Properties

category: reference
tags: [tasks, semantic-search, architecture]
last_updated: 2026-03-15
confidence: high

Semantic Search Architecture Issues

Current state

FAISS + ONNX MiniLM embedding, running in-process in the gunicorn worker. Works for single-tenant. 65 pages indexed for dev wiki.

Issues to address

1. Multi-tenant indexing (blocking)

The sync thread watches one wiki (whichever storage was set at startup). TenantResolver swaps storage per-request, but the sync thread holds the original reference. Each wiki needs its own FAISS index directory and its own sync state. The reindex_all function also wipes and rebuilds the entire shared index.

Needed: Per-wiki FAISS directories (/srv/data/faiss/{slug}/), per-wiki sync state, sync thread that iterates over all wikis or per-wiki threads.

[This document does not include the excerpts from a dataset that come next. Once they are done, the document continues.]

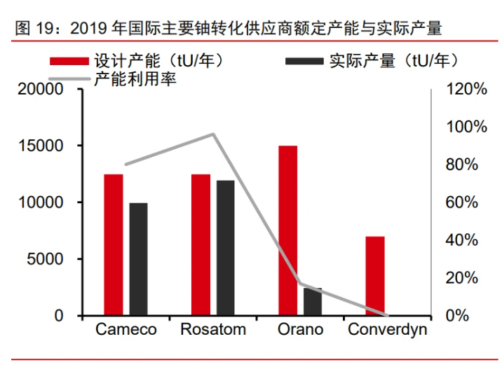 國際上共有 4 家大型商業鈾轉化服務一次供應商:加拿大礦業能源公司(Cameco)、 俄羅斯國家原子能集團公司(Rosatom)、法國歐安諾集團(Orano)與美國康弗登公司 (Converdyn)。在日本福島核事故后,全球新增核電裝機速度不及預期,國際核燃料市場 連續多年供大于求,市場價格長期進入下行通道,市場競爭日益激烈,先進核燃料供應商 相繼暫停或延緩了新建產能計劃。2011 年起 Cameco、Rosatom 與 Converdyn 分別逐 年降低了各自的產能。全球市場二次供應的來源主要包括三個方面,分別為政府庫存、鈾 濃縮廠與商業庫存。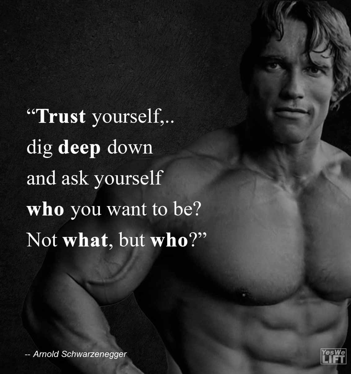 QuotesTrust yourself,dig deep down and ask yourself who you want to be not what, but who Trust yourself,dig deep down and ask yourself who you want to be not what, but who When a non lifter tells you a calorie is a calorie The look i give people while on my meal plan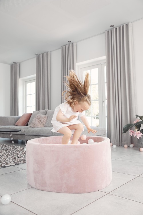 Kidkii lite, rosa sammet bollhav med 150 bollar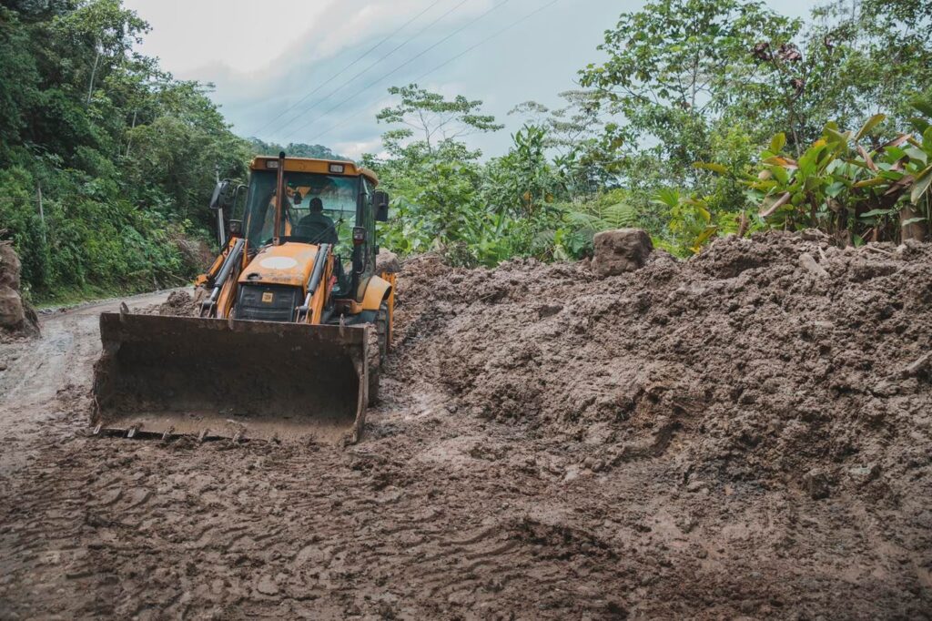del paso vehicular en la vía Villano-Paparawa, en el km 22 (afectada por el deslizamiento de material lodoso). Al momento, la circulación está parcialmente habilitada; se pide transitar con precaución por la zona![]()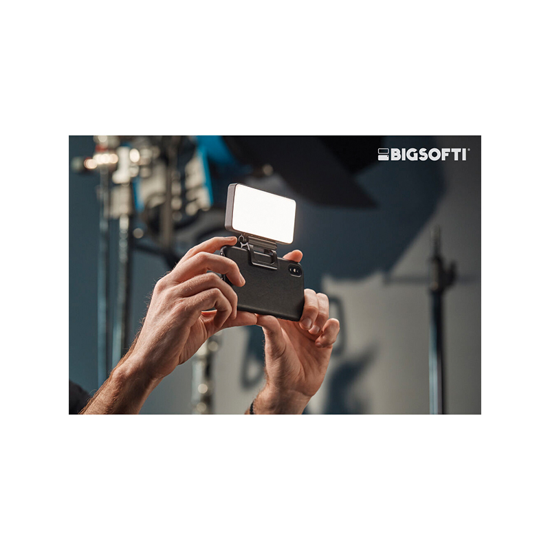 With a bright yet soft output, the BIGSOFTI ONE Ultralightweight Portable LED Soft Light brightens the subject of your video, whether you are shooting with your phone, from a DSLR/mirrorless camera, or even your laptop’s webcam. Lightweight and portable, mounting the BIGSOFTI ONE on your phone or camera won’t limit where you can take it, and the light’s stepped color temperature settings of 2800K, 3800K, and 5000K means you can use it indoors and out to add natural-looking brightness to your video.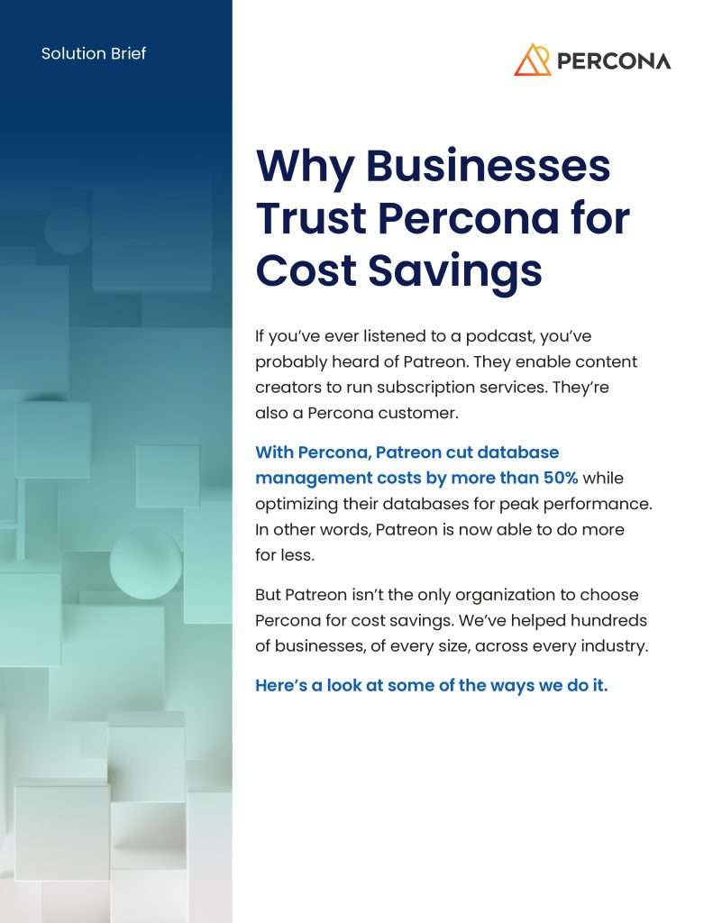 Percona has helped hundreds of businesses of all sizes cut database costs — some by more than 50% — while optimizing their databases for peak performance. Read about several companies that saved big, and learn how Percona helped them through architecting and design, performance tuning, ensuring high availability, and a lot more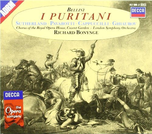 Bellini's final opera, I Puritani, is frankly a bit of a mess with its heroine slipping into insanity no less then three times. But the music is glorious - Bellini's use of cantilenas developed to a point that rivaled Verdi in the latter's finest moments. The singer demands are outrageous, nevertheless a couple of good recordings exist. Callas has high marks but includes performance cuts and a mono recording; more recent contenders are Muti (with Caballe and Kraus) and this one, Sutherland's second. Everybody is really good here, but Sutherland herself doesn't sound fully committed and that is a big minus. The reason this is a must have, is Pavarotti: he throws around high Cs and Ds here, and even hits F.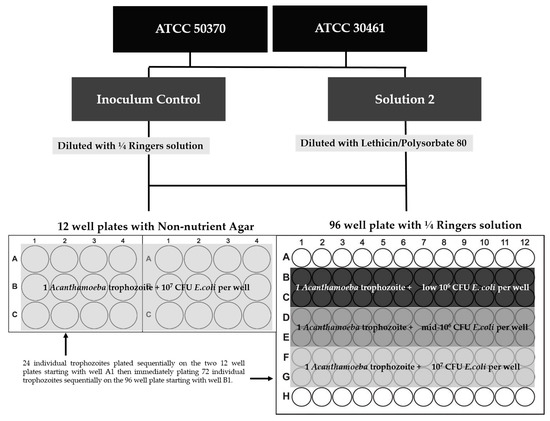 One milliliter of each inoculum control was removed and placed in 9 mL of ¼ Ringers solution and 1 mL inoculated Solution 2 was removed and placed in 9 mL of lethicin/polysorbate 80 to neutralize the biocide. Further dilutions were conducted as needed to adjust the Acanthamoeba concentration for single-cell isolation. These steps were intended to mimic antimicrobial efficacy testing such that the Acanthamoeba trophozoites were treated identically as they were in the antimicrobial efficacy studies until plating where they were diluted and individual trophozoites placed in separate wells.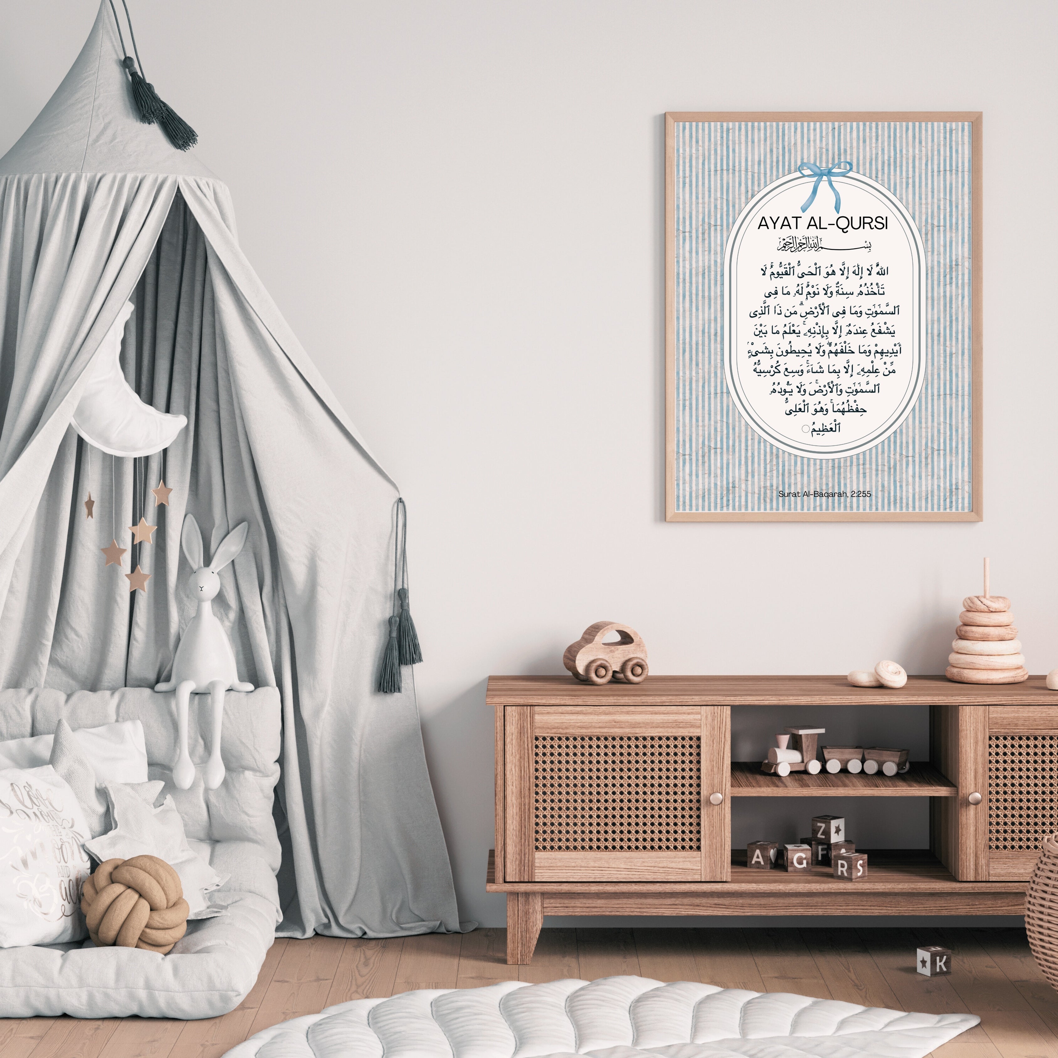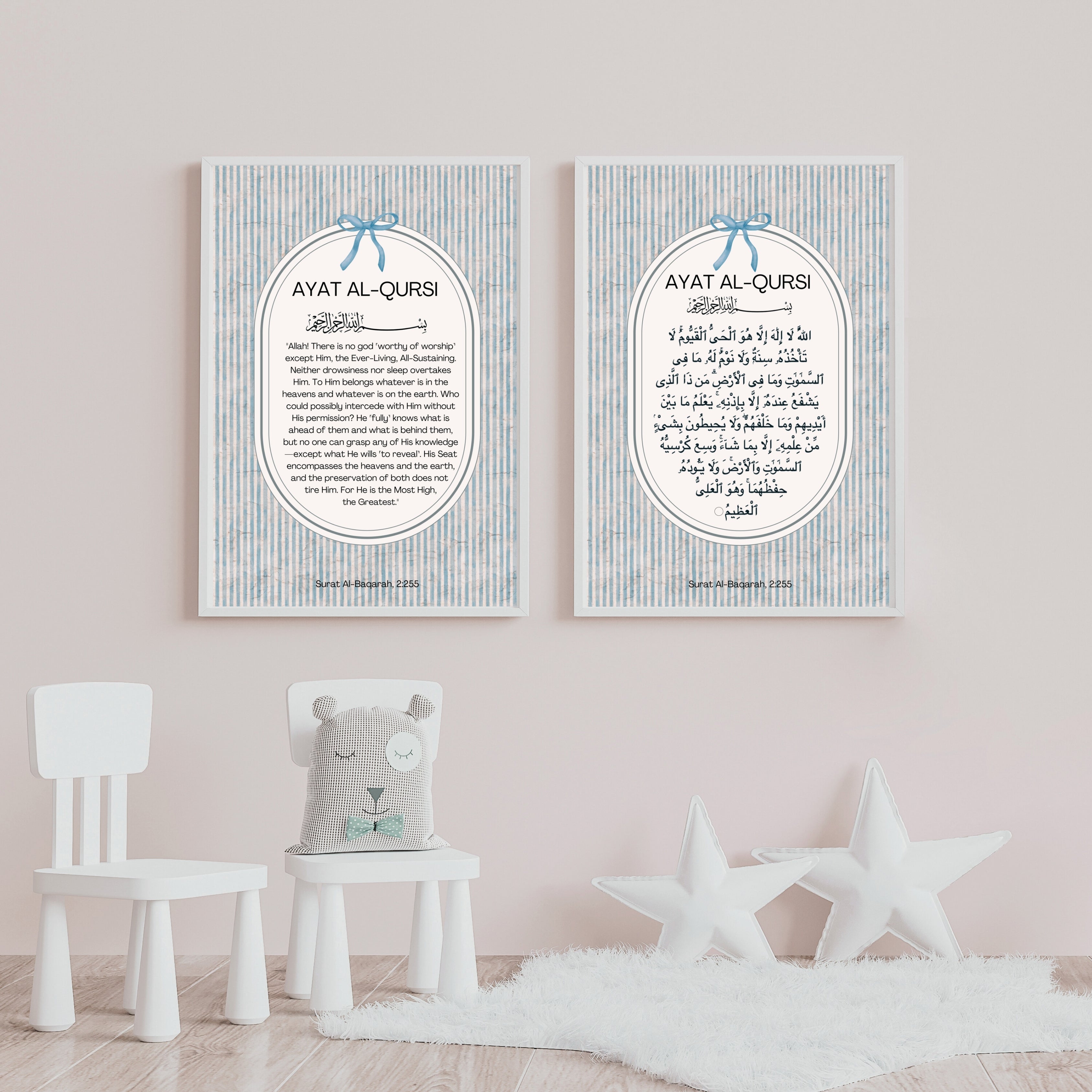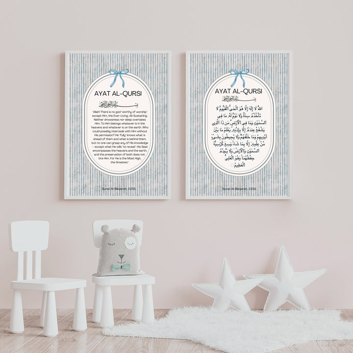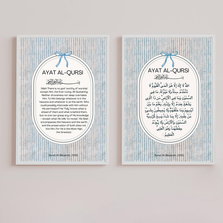 Surround your space with the powerful blessings of Ayat al-Kursi with this print set, featuring the verse in both Arabic and English. A reminder of protection, strength, and divine presence, this timeless set brings tranquility and faith into any home.

2. In-process embedding risks

The ONNX model (~80MB) loads in the gunicorn worker. The sync thread is a daemon thread — killed without cleanup on SIGTERM. If killed mid-write to the FAISS index, the index could corrupt (recovered by full reindex on next start, but that's slow).

Options:

Separate embedding worker process (like ChromaDB was, but lighter)
Queue-based: page saves write to a queue (SQLite reindex_queue table already in schema), worker process reads and embeds
Graceful shutdown handler in sync thread

3. Sync frequency

Currently every 60 seconds by polling git HEAD SHA. For a multi-tenant setup with many wikis, polling every wiki every 60 seconds doesn't scale. A queue (reindex_queue table triggered by page_saved hook) would be more efficient.

Not blocking launch

Semantic search works for the dev wiki. Multi-tenant indexing is needed before opening to users with multiple wikis. The in-process risks and sync frequency are optimization concerns for later.